Culture, history and society

Mission impossible

01 May 2008

Physics of the Impossible: A Scientific Exploration of the World of Phasers, Force Fields, Teleportation and Time Travel
Michio Kaku
2008 Allen Lane
£20.00/$26.95hb 352pp

Mind reader

Achieving the impossible might turn out to actually be impossible, but in the process of trying we can redefine the possible. It is the difference between ambition and complacency. Again and again — especially towards the end of the 19th century — complacent scientists have made future fools of themselves by proclaiming the impossibility of things such as determining the composition of stars or discovering the ultimate structure of matter. Ambitious authors, on the other hand, write books about “impossible” science. John Horgan tried with The End of Science, and John Barrow with Impossibility: The Limits of Science and the Science of Limits. Now the physicist and science communicator Michio Kaku offers us Physics of the Impossible.

Kaku has already given us one crystal ball with his book Visions: How Science Will Revolutionize the 21st Century and Beyond — aptly published in 1999 — which assessed the immediate future of computing, quantum physics and biomolecular science. Having explored these important frontiers, Kaku now focuses his sights much further ahead. Taking various examples from contemporary science fiction as a guide, he charts the possible future course of scientific and technological exploration.

The book, however, misses a good example of when science was actually influenced by fiction in this way. In Britain in the 1930s, while complacent politicians tried to appease the Nazi regime, imaginative scientists looked at the possibility of a high-energy electromagnetic-radiation weapon to zap enemy aircraft. They quickly found out that a radio wave “death ray” was impossible, but instead discovered an effective way of detecting planes using a technique that would eventually become known as radar.

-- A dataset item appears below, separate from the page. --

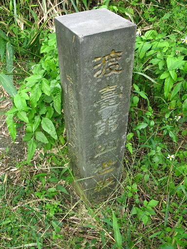 溪底古道入口,位於小產道竹叢旁,旁邊有座光緒年間的大學生賴公古墓,古墓旁有根石柱,標示『渡臺第四世祖』。循小水泥產道往下。H362m |
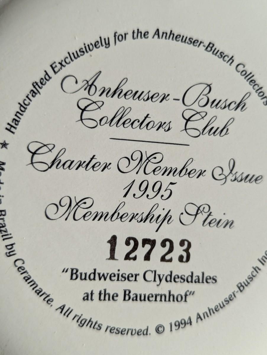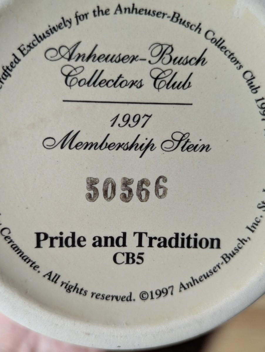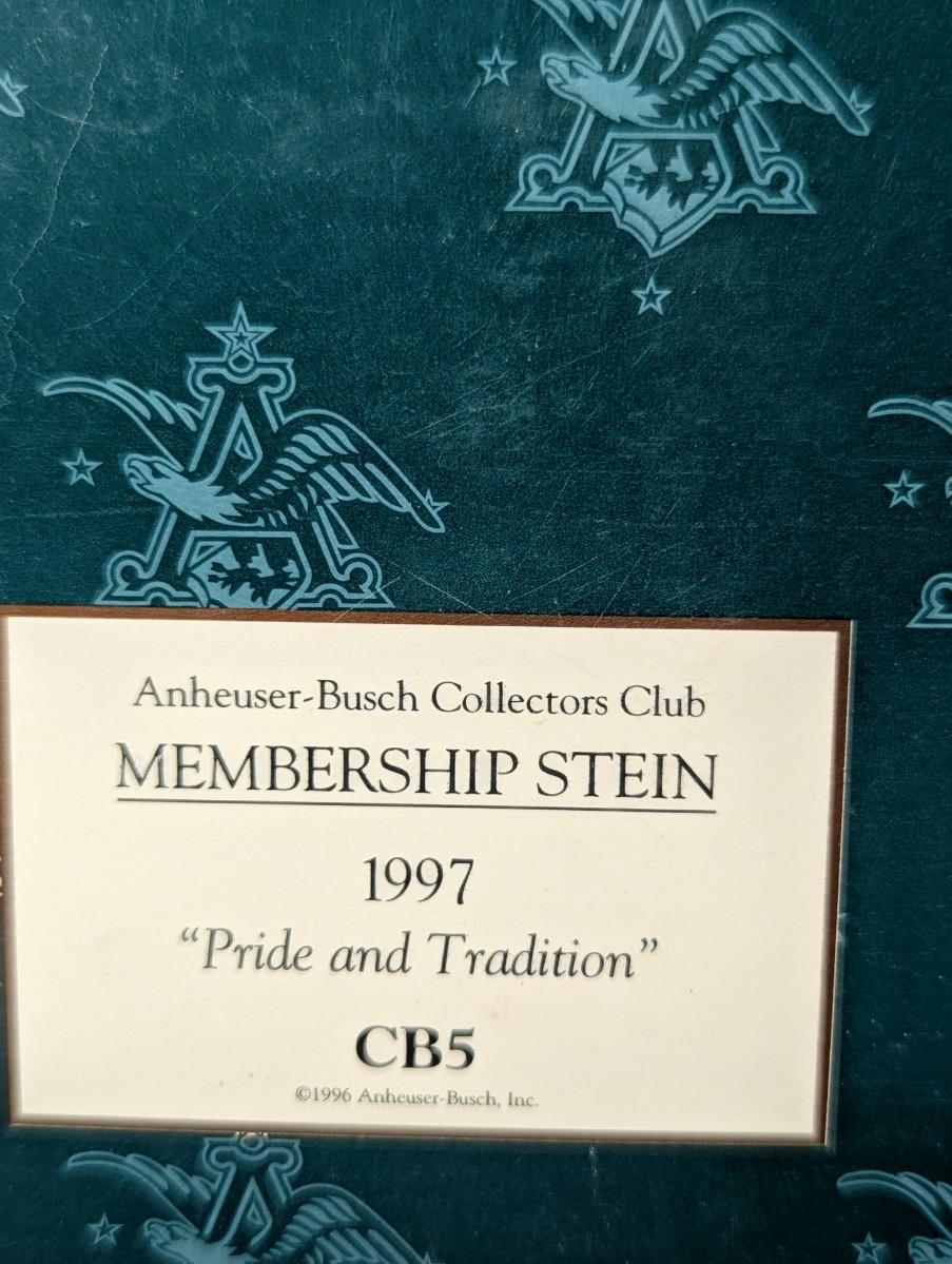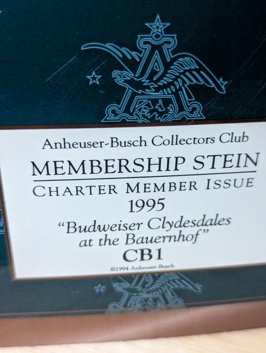 Anheuser-Busch Membership Stein "Pride & Tradition" w/ Box & Charter Member "Budweiser Clydesdales At The Bauernhof"

Physics of the Impossible begins with force fields, which are firmly based in physics, and concludes with the similarly weighty topics of parallel universes, precognition and perpetual-motion machines. What comes in between, however, consists mainly of a menu of geeky technology — ray guns, starships, robots and so on — as well as a dose of telepathy and psychokinesis. So although physics is up there in the title, most of the physics content is confined to the final 100 of the book’s 350 pages.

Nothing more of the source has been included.